His clothes were in tatters and his skin burned to blisters by the sun. His lips were white with sores as he knelt beside Thompson.
“Get up,” he’d commanded, his throat feeling as if he’d swallowed burning hot sand. Months of screams had cracked his voice. “Get up, damn you.”
Thompson hadn’t moved for a long while. Finally, he’d opened his eyes, staring full-faced into the sun. “Susan? Is that you? Oh, my dearest girl, I’ve dreamed of you.”
“Get up, Thompson.”
The other man shivered, burying himself deeper into the sand until only his chest and head showed. “It’s cold in Surrey in winter,” he said to no one in particular.
Hamish stood, his reserves nearly gone. It would be so easy to simply join him, lie down in the sand and pretend himself home. He shook himself and stared off toward the far horizon. Only a day more.
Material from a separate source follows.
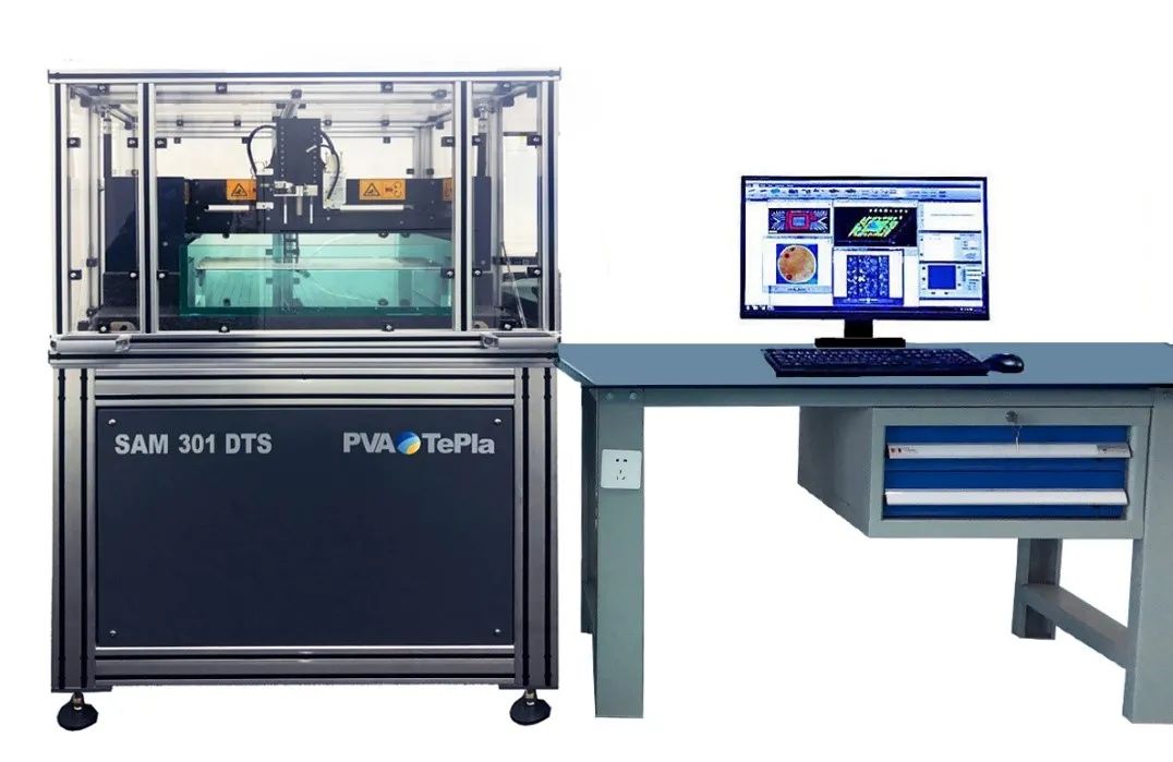 超声波扫描电子显微镜(英文Scanning Acoustic Microscope,简称SAM)。它利用纯水当介质传输超声波信号,当讯号遇到不同材料的界面时会部分反射及穿透,该类发射回波强度会因为材料密度不同而有所差异。利用不同材料对声波的吸收和反射程度不同,来探测半导体、元器件的结构、缺陷,对材料做定性分析。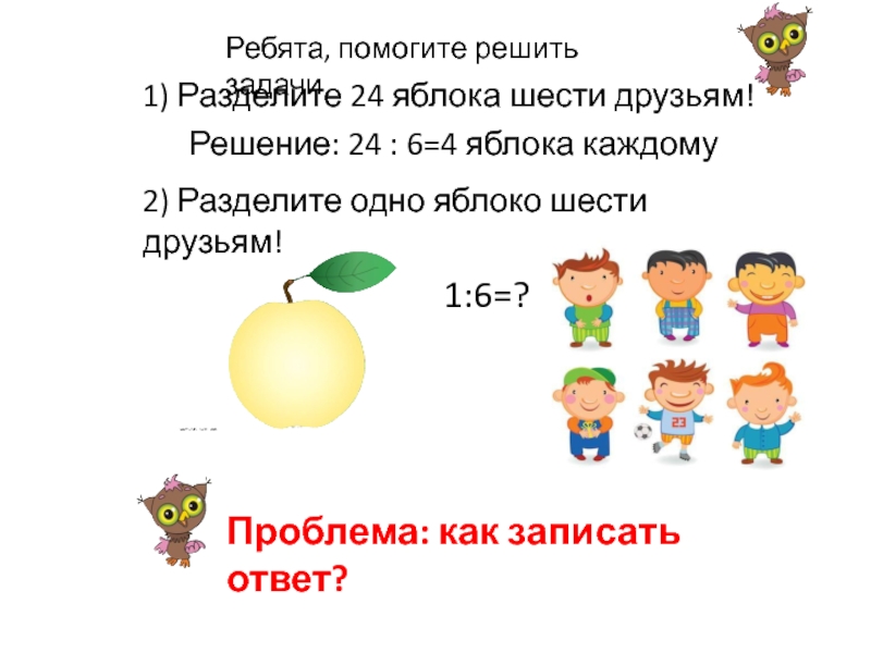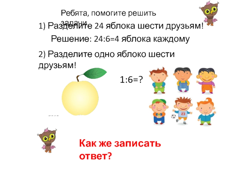 2) Разделите одно яблоко шести друзьям!

He repeated that to Thompson, but the man didn’t answer. “Damn it!” he shouted. “Do you want to die?”
Again, no response.
“Susan, close the window, it’s cold in the room.”
Thompson crossed his arms over his chest as his body bowed, his entire frame shaking. He, like Hamish, had lost so much weight over the past months that it wasn’t difficult to imagine his skull through the thin layer of flesh and muscle. His grin wasn’t humor but a muscle spasm.
“Thompson!”
The longer he stood there, fatigue leaching the last of his resolve, the more the sun seared into him. Thompson was dying, just as Hamish would if he didn’t find shelter.
He looked toward the far horizon once more before bending and picking up Thompson’s water jug. He poured half of it into his own container, and tried once more to rouse him. When Thompson didn’t answer, Hamish turned and staggered toward the horizon. If he found help, he’d come back for the man.